Originally posted to christwire.org on May 18 2011
The Seattle Times reports that the evil sinners who will no doubt be "left behind" on Saturday are planning a day of parties and other festivities.
Facebook and known online cesspit of sin and inequity has a page called "Post rapture looting" and invites left behind evil doers to "When everyone is gone and god's not looking, we need to pick up some sweet stereo equipment and maybe some new furniture for the mansion we're going to squat in." This afternoon over 175,000 sinners indicated they would be "attending".
The evil "Doonesbury" comic strip is mocking the rapture this week as well. "Rapture parties" are being planned to celebrate the assumed failure of the world to come to an end. One such party is even being planned in the Army town of Fayetteville, N.C.where the local chapter of the American Humanist Association (sounds like Satan worshipers to me) "has turned the event into a two-day extravaganza, with a Saturday night party followed by a day-after concert." One of the planners says "It's not meant to be insulting, but come on," said organizer Geri Weaver. "Christians are openly scoffing at this."
One would expect such less than truly enlightened churches such as Catholics, Methodists, and the borderline pagan Adventists and Church of Gods to do this. But from a Babtist I am shocked! "When we engage in this kind of wild speculation, it's irresponsible," said the Rev. Daniel Akin, president of the Southeastern Baptist Seminary in Wake Forest, N.C. "It can do damage to naive believers who can be easily caught up and it runs the risk of causing the church to receive sort of a black eye."
But some groups are taking it seriously, as the should. Such as our yellow Asian but still christian friends in Vietnam. There it has "led to unrest involving thousands of members of the Hmong ethnic minority who gathered near the border with Laos earlier this month to await the May 21 event. The government, which has a long history of mistrust with ethnic hill tribe groups like the Hmong, arrested an unidentified number of "extremists" and dispersed a crowd of about 5,000.
But yet here at home it is taken less seriously.
Bart Centre, an atheist from New Hampshire, started Eternal Earth-bound Pets in 2009. He offers Rapture believers an insurance plan for those furry family members that won't join them in heaven: 10-year pet care contracts, with Centre and his network of fellow non-believers taking responsibility for the animals after the Rapture.
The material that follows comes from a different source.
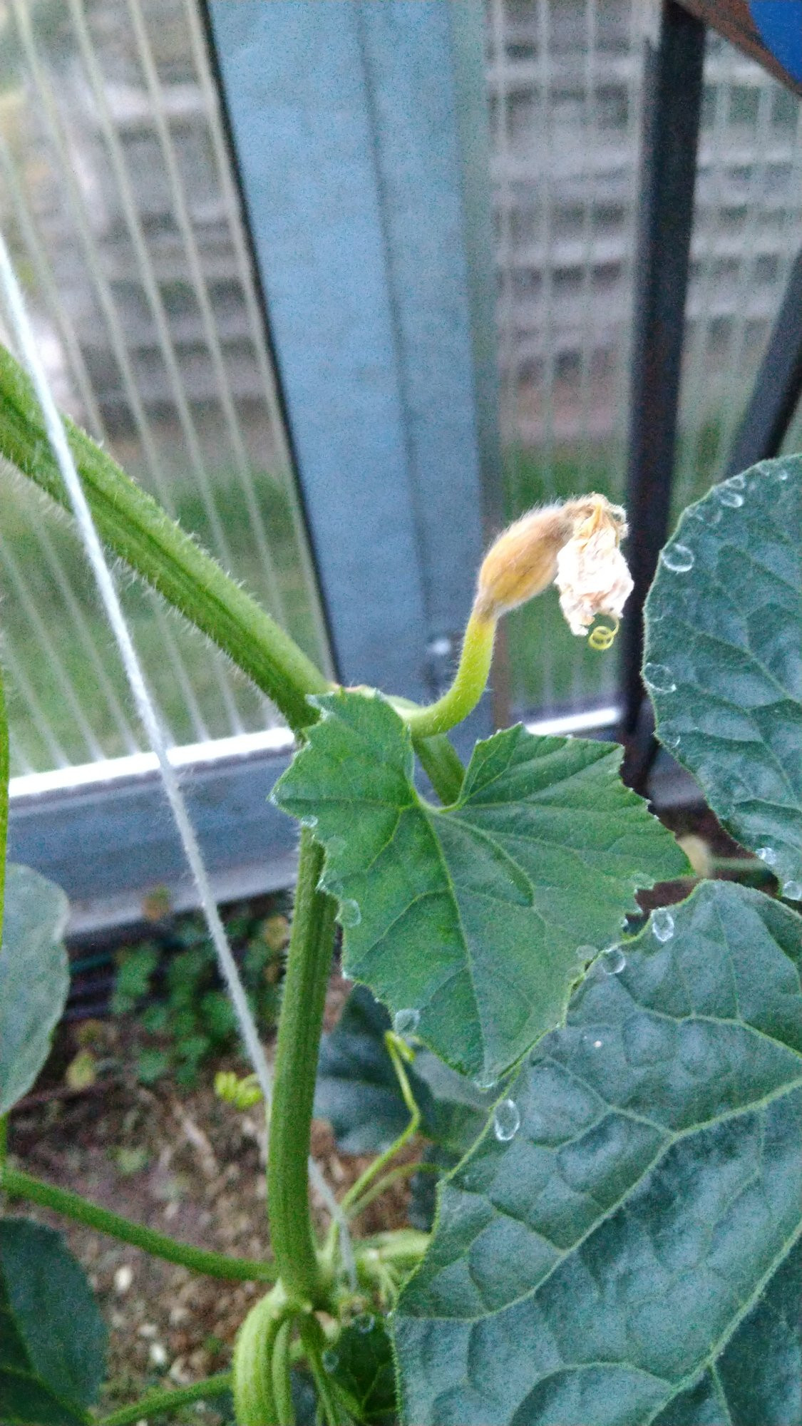 Bei mir ist es auch so. 2 m sind geknackt. Der erste Fruchtansatz in gut 1 m aber abgeworfen. Blöd, dass ich den zweiten schon ausgeknipst habe... Ist etwa so groß wie eine Eichel. Die nächsten lasse ich länger dran.

The fee - payable in advance, of course - was originally $110, but has gone to $135 since Camping's prediction. Centre says he has 258 clients under contract, and that business has picked up considerably this year. But he's not worried about a sales slump if May 21 happens to disappoint believers. "They never lose their faith. They're never disappointed," he said. "It reinforces their faith, strangely enough."